Getting the Most out of Life
Travel Hacking: How to Pay for Vacation Without Gutting Your Savings
Everyday people who leverage financial tools, such as credit cards, to turn their everyday spending into free flights or hotel stays are called “travel hackers.” Travel hacking is much easier than it sounds.
“Many credit card issuers offer sign-on bonuses to get you to sign up for and use their card,” explains John Schmoll Jr., founder of Frugal Rules. “In most instances, they’ll require you to spend a certain amount of money within a given amount of time.”
Travel hackers often need to spend $1,000 to $2,000 within 90 days to earn the bonus. These bonuses can then be used to knock hundreds or possibly thousands of dollars off vacation spending.
Stefanie O’Connell, founder of The Broke and Beautiful Life and a How Money Walks regular, started travel hacking about a year ago when she used her Barclay Arrival World MasterCard sign-up bonus to book a flight from New York City to Germany. That flight only cost her $25 out of pocket.
John got his first taste of using credit card rewards for vacations five years ago, when he and his wife earned enough points to stay in a hotel for free. Their family hasn’t paid full price for a vacation since.

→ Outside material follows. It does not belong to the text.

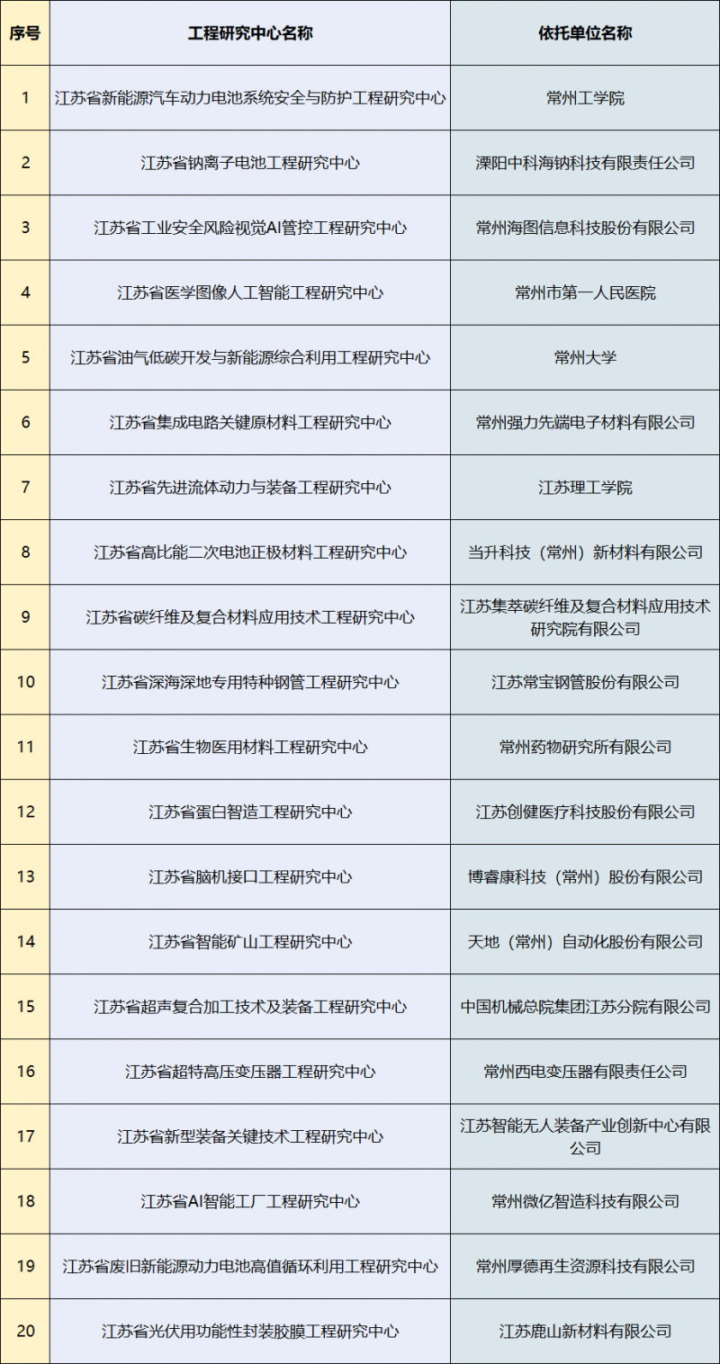 近日,省发改委发布了《2024年江苏省工程研究中心拟认定名单公示》,全省212个企事业单位成功进入省级工程研究中心公示名单,常州共有20个进入公示名单,获公示数量创历史新高,在省内排第二名,申报通过率100%。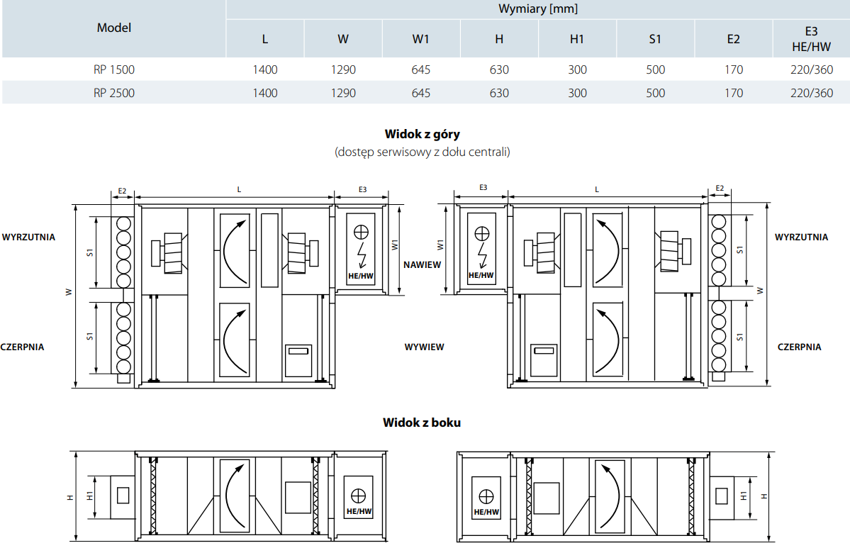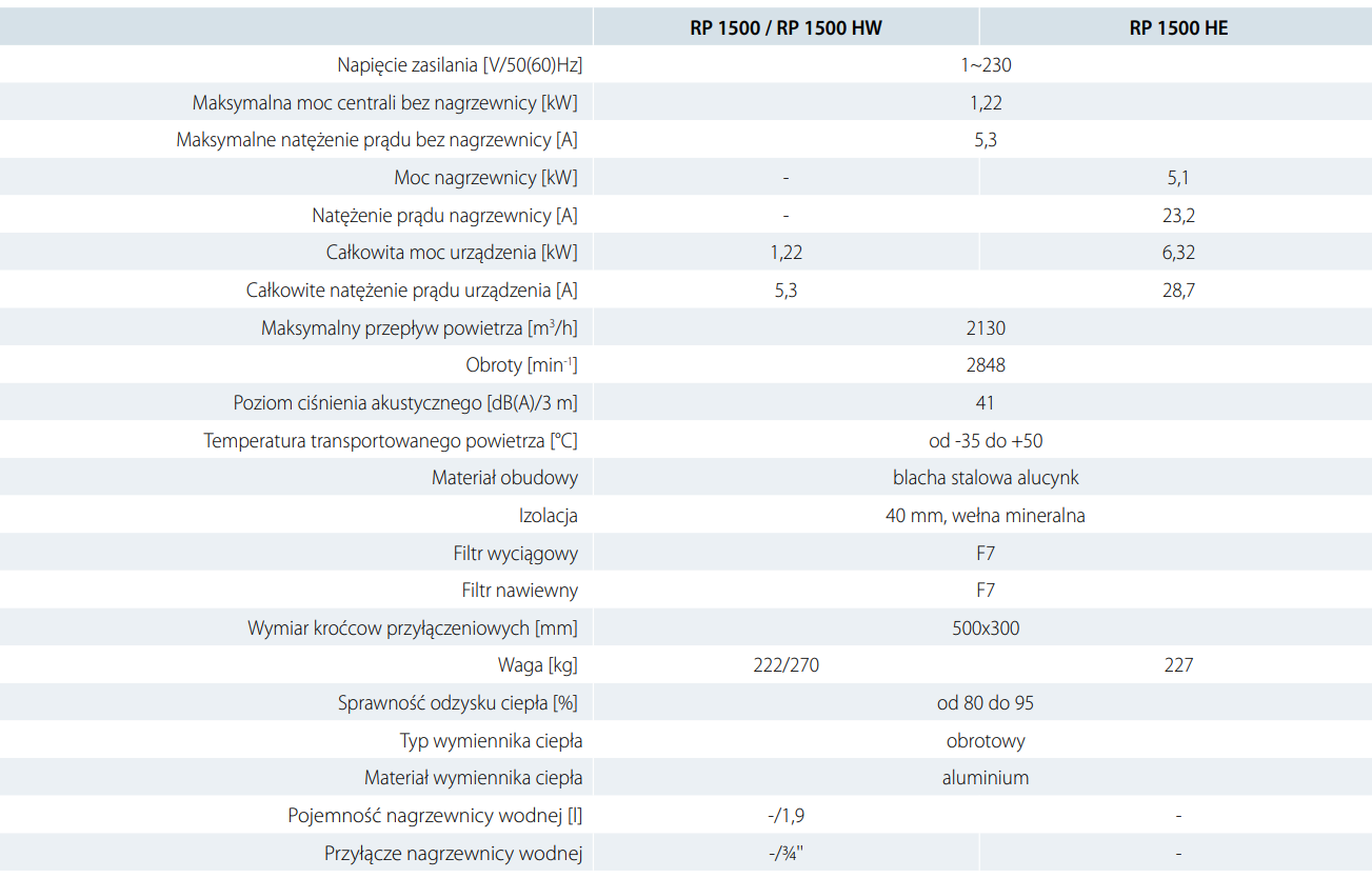 RP HE modele są wyposażone w nagrzewnicę elektryczną wtórną.

Travel Hacking Isn’t Right for Everyone
Before you start travel hacking, be sure to consider your finances. Taking advantage of credit card bonuses for cheaper travel may sound incredibly enticing, but it can also lead to a downward spiral.

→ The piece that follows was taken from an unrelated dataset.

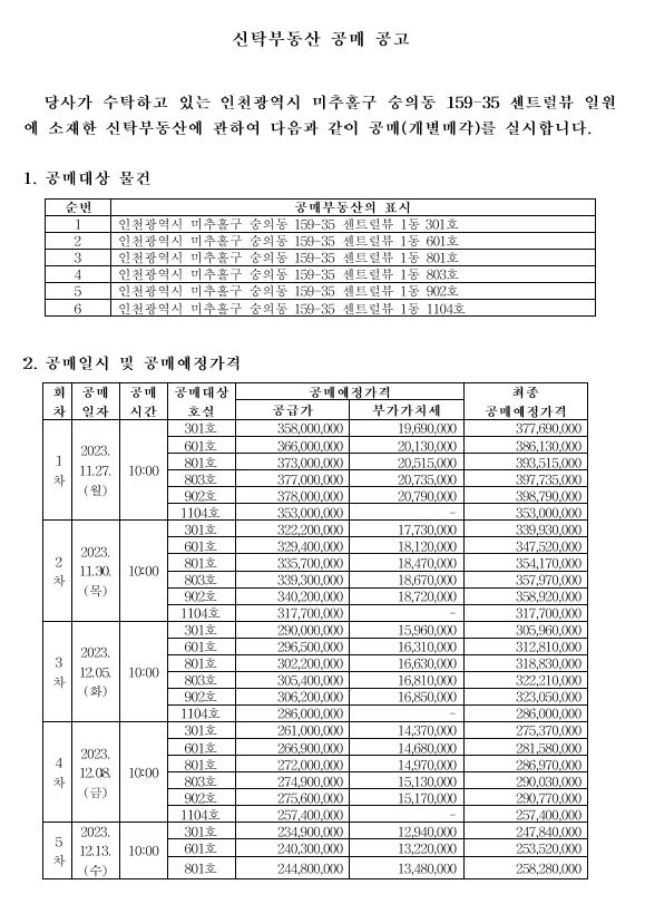 유찰 인천 미추홀구 숭의동 159-35 센트럴뷰 6호실 개별매각 (3차)

“Anyone who’s ever struggled with or carried a balance on their credit cards should steer clear of travel hacking,” explains Stefanie. “Free travel is no longer free when you fall into the trap of high-interest consumer debt.”
Those with prior credit card struggles aren’t the only ones who should be wary of entering the bonus-offer game, either.
“If having multiple credit cards would be a temptation to overspend, you should not churn cards,” advises John. “I would also not recommend credit card churning to someone new to using a credit card or to someone who is on a tight budget.”
Tips for Being a Successful Travel Hacker
Part of being a successful travel hacker is working within your budget. While some people are able to churn enough to cover their airfare and hotel stay, Stefanie typical only focuses on airfare.
“I firmly believe in only leveraging the spending you’re going to do anyway to travel hack, and because my living expenses are so low, I don’t meet the threshold spending requirements for many of the larger sign-up bonuses,” she says. Stefanie focuses on bonuses that offer miles in exchange for $1,000 to $2,000 spent within the first 90 days of card use.
Another benefit to opening multiple credit cards to churn rewards is the positive impact it can have on your credit score.
“My wife and I really started actively churning about three to four years ago, and we’ve seen our scores go up over that time,” explains John, who has an 820 credit score. His wife has a just-as-impressive score of 830.
“As long as you’re paying off your cards on time, not using up too much of your available credit, and protecting the age of your credit, you should be fine or see your score go up,” says John.
Travel hackers also know that all credit card bonus offers were not created equally. You should always know if the bonus has any restrictions, such as blackout dates or specific airlines. But once you confirm those details, go forth and fly free.